━━━ DATA SECTION

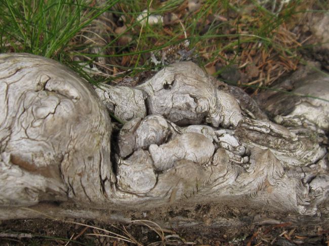 Wurzeln der Kiefern denen Wanderer und möglicherweise auch Skifahrer zugesetzt haben.
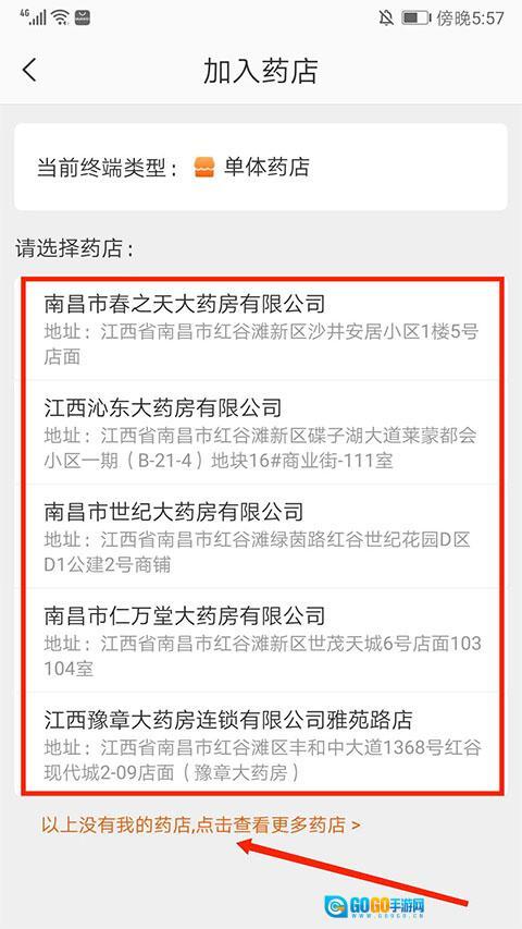 3、可在列表中出现附近的药店名称进行查找或者选择下方“以上没有我的药店,点击查看更多药店”选项,
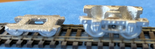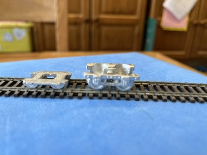 Then flip it upright and put it on the tracks to make sure the wheels are the right distance apart.
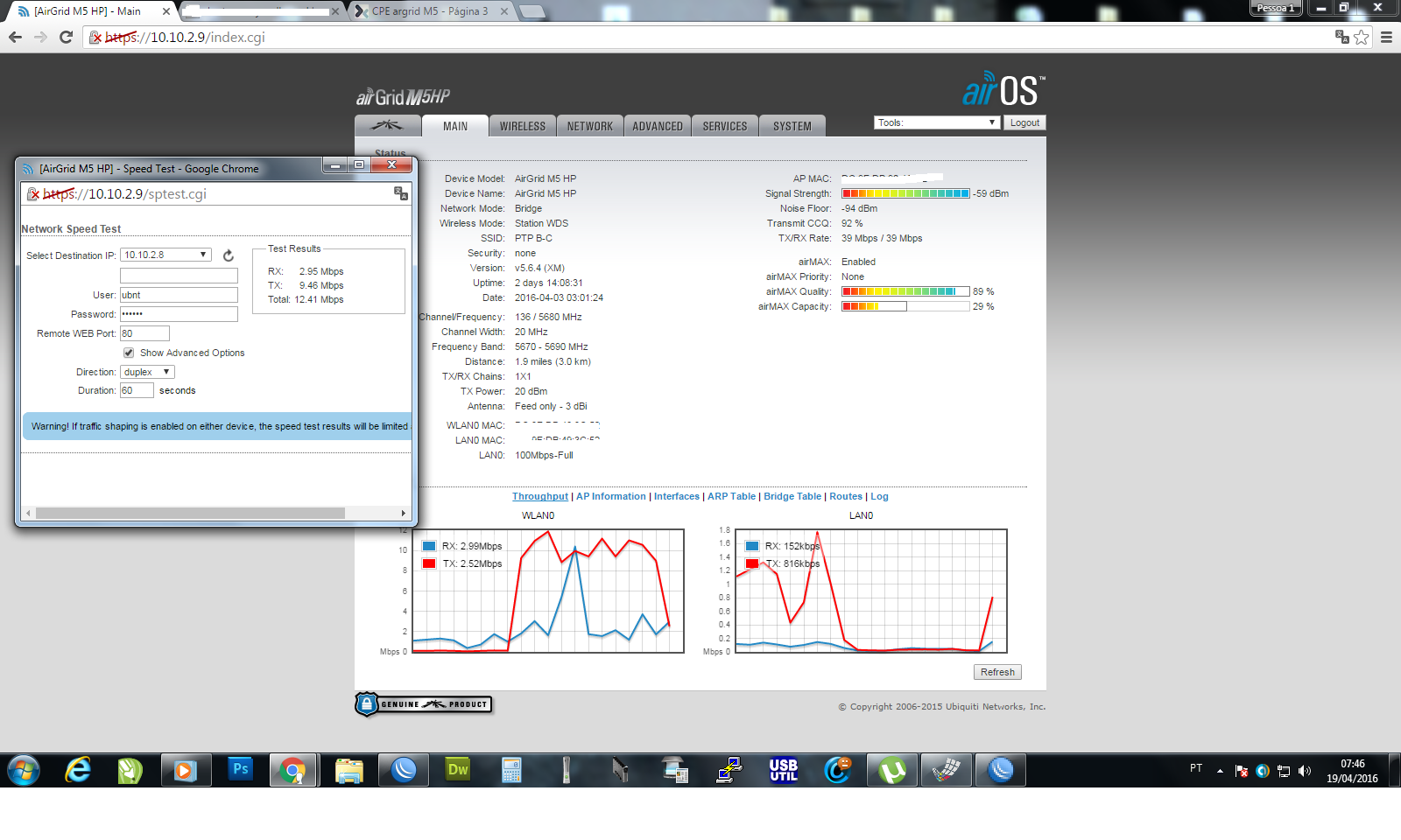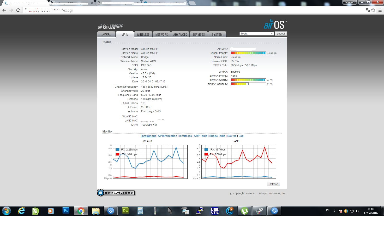 Ou trocar de canal (Abaixo de 5725MHz precisa DFS, acima não precisa) até ter um Airmax Capacity acima de 50%, com ele abaixo de 50% nem vale a pena testar throughput.

━━━━━━

> WHAT YOU WILL DO
Copy out each line of the data exactly as it reads; skip the pictures.

> RESPONSE FOR THIS EXERCISE
 Wurzeln der Kiefern denen Wanderer und möglicherweise auch Skifahrer zugesetzt haben.
 3、可在列表中出现附近的药店名称进行查找或者选择下方“以上没有我的药店,点击查看更多药店”选项,
 Then flip it upright and put it on the tracks to make sure the wheels are the right distance apart.
 Ou trocar de canal (Abaixo de 5725MHz precisa DFS, acima não precisa) até ter um Airmax Capacity acima de 50%, com ele abaixo de 50% nem vale a pena testar throughput.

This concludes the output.